A tilt toward nonalignment in the Cold War and away from allegiance to the United States had been a cornerstone of Bhutto’s foreign policy. However, many observers of Pakistani politics saw Bhutto’s allegations of a foreign conspiracy theory as intended to carve out domestic political space in a tense standoff with opposition parties.
Although there was scant evidence to substantiate rumors about these particular instances of U.S. interference, U.S. behavior has, at points, fueled them. For example, some CIA activity in Pakistan has been well documented, such as the collection of DNA samples through a fake vaccination campaign as part of the hunt for Osama bin Laden in the 2000s. These operations have undermined Pakistanis’ trust in the United States to do anything other than safeguard its own interests.
Much like Bhutto about a half-century ago, Khan, prime minister since 2018, also advocated nonalignment. At multiple points, he has held up India’s foreign policy during the Cold War as a model to emulate — surprising, given the enmity between the two countries.

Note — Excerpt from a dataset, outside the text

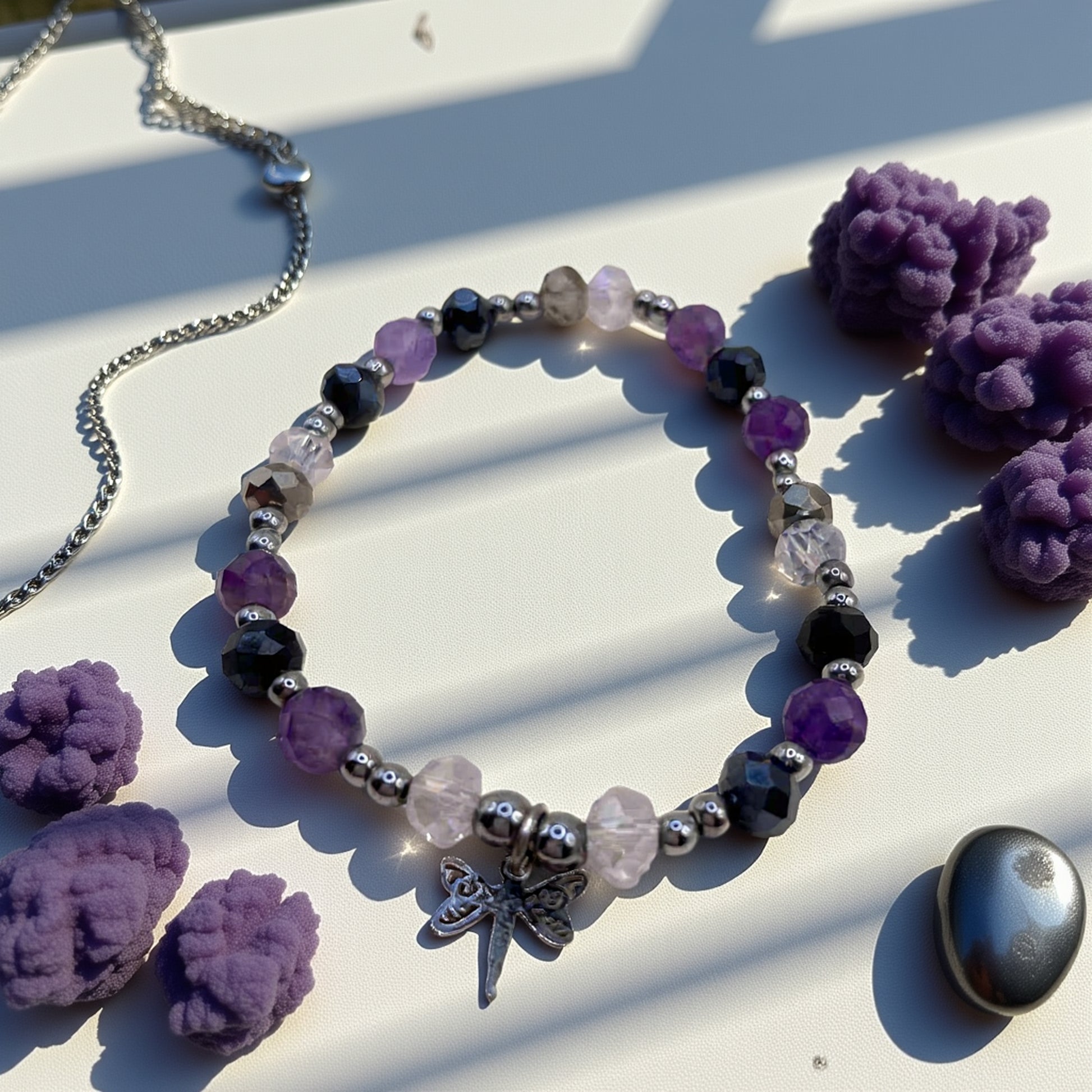 Wyjątkowa bransoletka z ametystem i zawieszką ważki to propozycja dla kobiet, które kochają połączenie magii kamieni naturalnych z nowoczesnym szlifem. Fioletowe kuleczki ametystu cudownie komponują się z opalizującymi oponkami ze szkła fasetowanego i srebrnymi kuleczkami hematytu. Centralnym akcentem jest zawieszka w kształcie ważki – symbol lekkości, transformacji i wewnętrznej siły. To idealna ręcznie robiona bransoletka na prezent dla przyjaciółki, siostry lub… samej siebie.
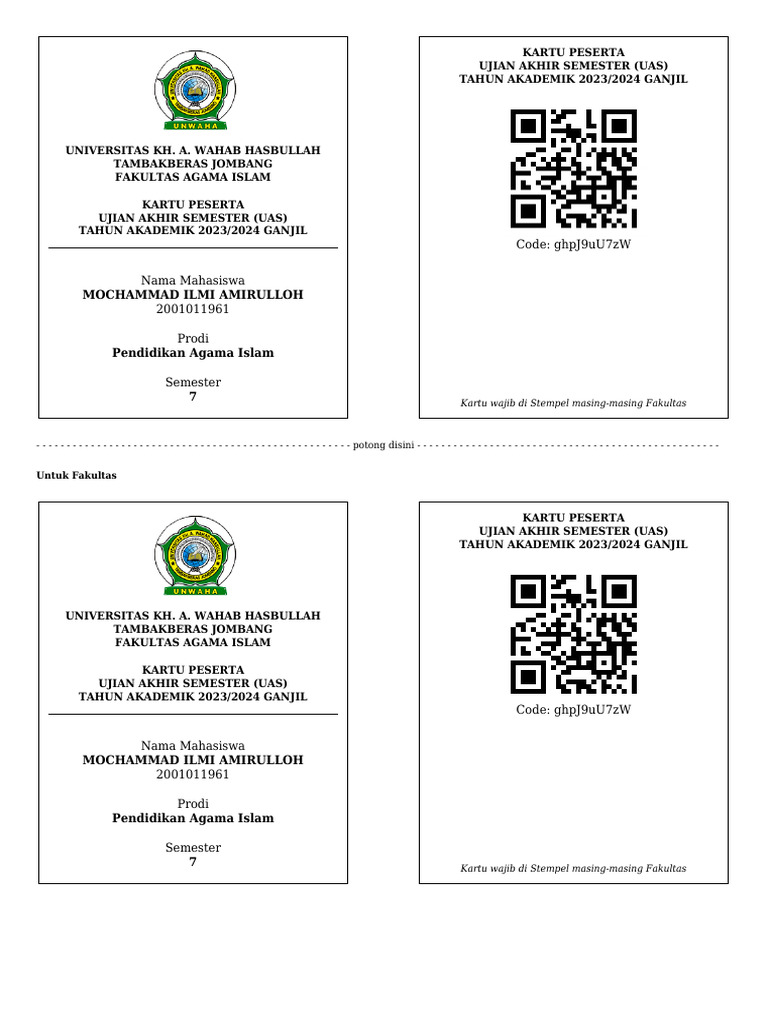 7 Kartu wajib di Stempel masing-masing Fakultas

Given this backdrop and the country’s ongoing economic crisis, it becomes easier to see why, as most of the world rushed to condemn Russian President Vladimir Putin after the invasion of Ukraine, Khan instead took a long-planned trip to meet with Putin. Khan’s two-day visit to Russia was the first by Pakistan’s premier in more than two decades, and his government hailed it as a much-needed breakthrough for Pakistan’s economic and energy stability. While in Moscow, Khan secured a major trade deal with Russia to import 2 million tons of wheat and to buy natural gas.
Soon after, Pakistan became one of 35 countries that abstained from voting against the Russian invasion at the U.N. General Assembly.
These moves reflected how, with the United States leaving Afghanistan and deepening ties with India, Khan turned toward an emboldened Moscow-Beijing axis, which is increasingly flexing its muscle. While Pakistan shares a historically strategic friendship with China, the country’s relationship with Russia has vacillated over the past few decades. For his own part, in speeches, Khan often situated Pakistan’s neutrality as a potential tool for avoiding a new Cold War, offering to broker improved diplomatic ties between the United States and China.
Critics see Pakistan’s behavior over the past two months as a clear demonstration of the country moving away from its traditional U.S. alliance. Khan’s government, by contrast, claimed it was pursuing a “balanced and independent foreign policy” that centered the needs of Pakistani citizens over geopolitical concerns.
This context shapes Khan’s accusations of a U.S.-backed ploy to oust him from power. Anti-American rhetoric has long been a potent tool in Pakistani politics. Many of Khan’s predecessors also latched on to anti-U.S. conspiracy theories to gain political clout or to preserve power when faced with domestic political upheaval. Social media only makes the dissemination of these ideas easier.
Deploying these historical tropes made sense for Khan, because charges of a U.S.-backed conspiracy theory let him brand his opponents as “traitors” to national interest and security — rather than just as corrupt politicians. Although this wasn’t enough to stay in power, it may give him a key weapon in Pakistan’s next elections.